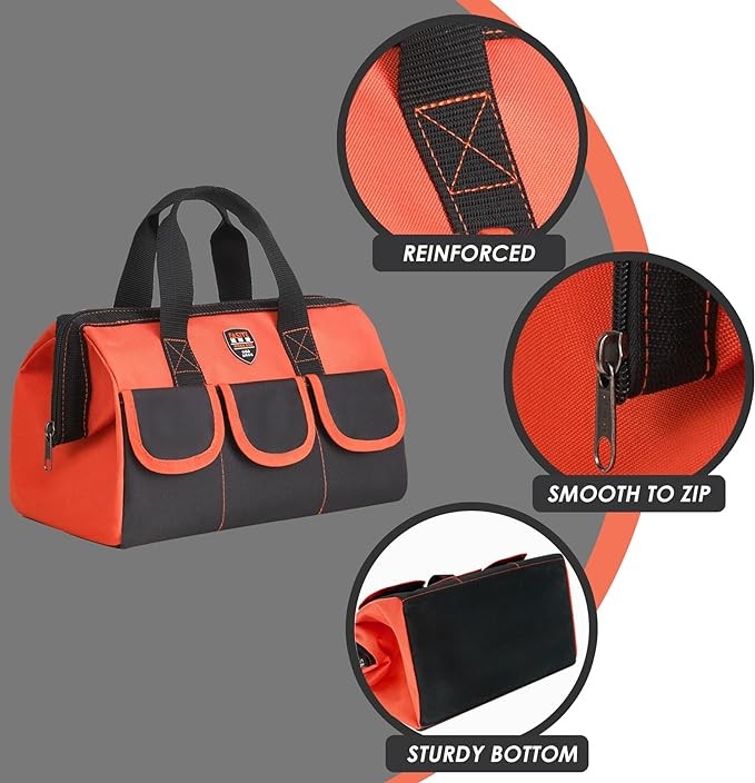 FASITE 12 in small tool bags for men, waterproof tool tote tool bags for electricians, canvas tool bag with wide mouth tool bag(2Pack)
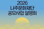 [경기뉴스원/경기뉴스1] | 나주문화재단이 2026년도에 추진할 문화사업 전반을 시민과 공유하고 공모 참여 기회를 확대하기 위해 설명회를 개최한다. 나주문화재단은 오는 2월 24일 나빌레라문화센터 소극장에서 ‘2026년 나주문화재단 통합 공모사업설명회’를 연다고 13일 밝혔다. 이번 설명회는 지역민과 예술인을 대상으로 재단의 연중 사업을 종합적으로 안내하고 공모사업 참여를 독려하기 위해 마련했다. 재단은 2026년 추진 예정 사업 전반과 함께 총 5건의 공모사업 개요, 신청 방법, 서식 작성 요령 등을 상세히 설명할 계획이다. 설명 대상 사업은 나주형 커뮤니티 발굴사업 ‘취향살롱’, 지역문화 활성화 지원사업, 나빌레라문화센터 전시공간 지원 공모, 나빌레라문화센터 창작실 입주작가 공모, 미디어 콘텐츠 촬영 장소 지원 등 5건이다. 설명회에서는 사업 안내와 더불어 현장 질의응답 시간을 운영해 시민과 예술인의 이해도를 높이고 다양한 의견을 수렴할 예정이다. 이를 통해 재단과 지역 문화 주체 간 소통을 강화하고 정책 반영의 기반을 마련한다는 방침이다. 특히 직장인 등
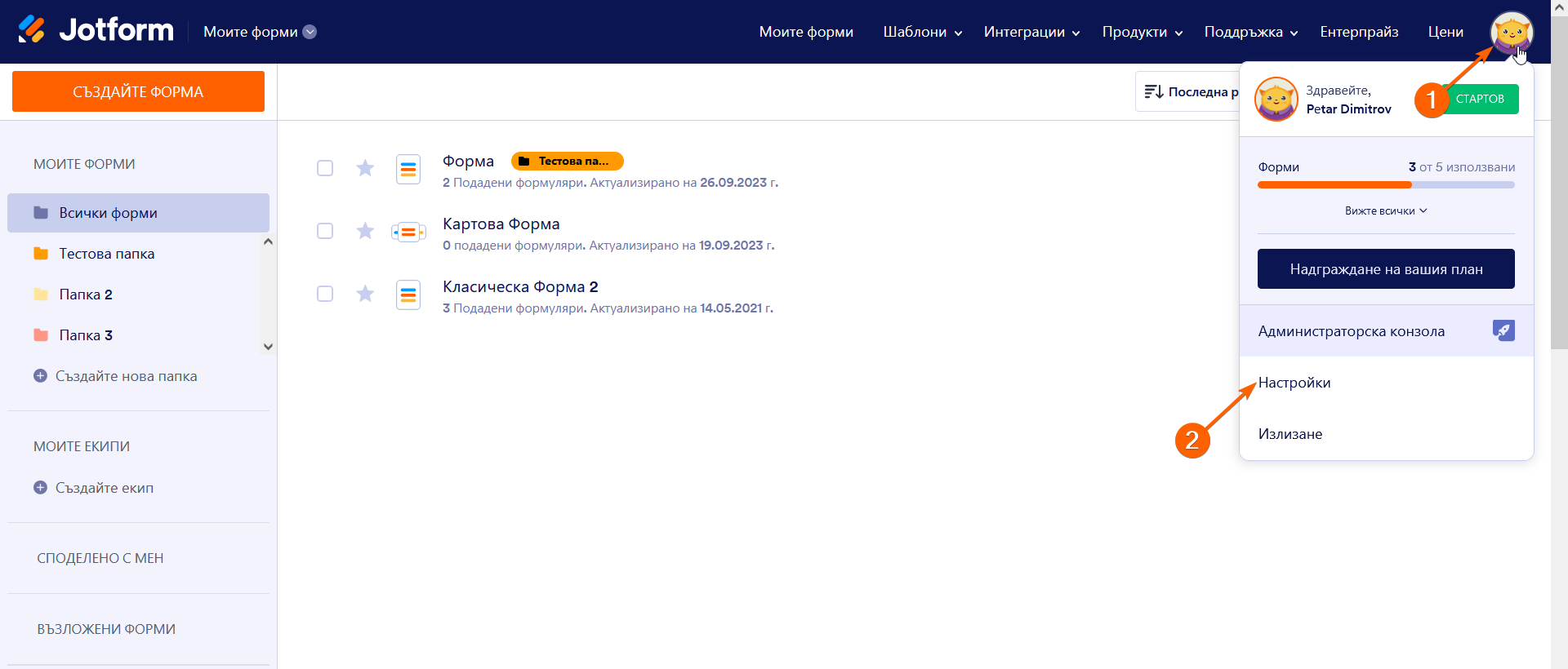 1. Задръжте курсора на мишката върху менюто Потребителски профил/Акаунт в горната дясна част на навигацията.

---

Action item
Repeat verbatim the lines from the one holding "[경기뉴스원/경기뉴스1] | 나주문화재단이" through the end of the listing above, both ends included, but not the pictures.

Solution for this problem
 [경기뉴스원/경기뉴스1] | 나주문화재단이 2026년도에 추진할 문화사업 전반을 시민과 공유하고 공모 참여 기회를 확대하기 위해 설명회를 개최한다. 나주문화재단은 오는 2월 24일 나빌레라문화센터 소극장에서 ‘2026년 나주문화재단 통합 공모사업설명회’를 연다고 13일 밝혔다. 이번 설명회는 지역민과 예술인을 대상으로 재단의 연중 사업을 종합적으로 안내하고 공모사업 참여를 독려하기 위해 마련했다. 재단은 2026년 추진 예정 사업 전반과 함께 총 5건의 공모사업 개요, 신청 방법, 서식 작성 요령 등을 상세히 설명할 계획이다. 설명 대상 사업은 나주형 커뮤니티 발굴사업 ‘취향살롱’, 지역문화 활성화 지원사업, 나빌레라문화센터 전시공간 지원 공모, 나빌레라문화센터 창작실 입주작가 공모, 미디어 콘텐츠 촬영 장소 지원 등 5건이다. 설명회에서는 사업 안내와 더불어 현장 질의응답 시간을 운영해 시민과 예술인의 이해도를 높이고 다양한 의견을 수렴할 예정이다. 이를 통해 재단과 지역 문화 주체 간 소통을 강화하고 정책 반영의 기반을 마련한다는 방침이다. 특히 직장인 등
 1. Задръжте курсора на мишката върху менюто Потребителски профил/Акаунт в горната дясна част на навигацията.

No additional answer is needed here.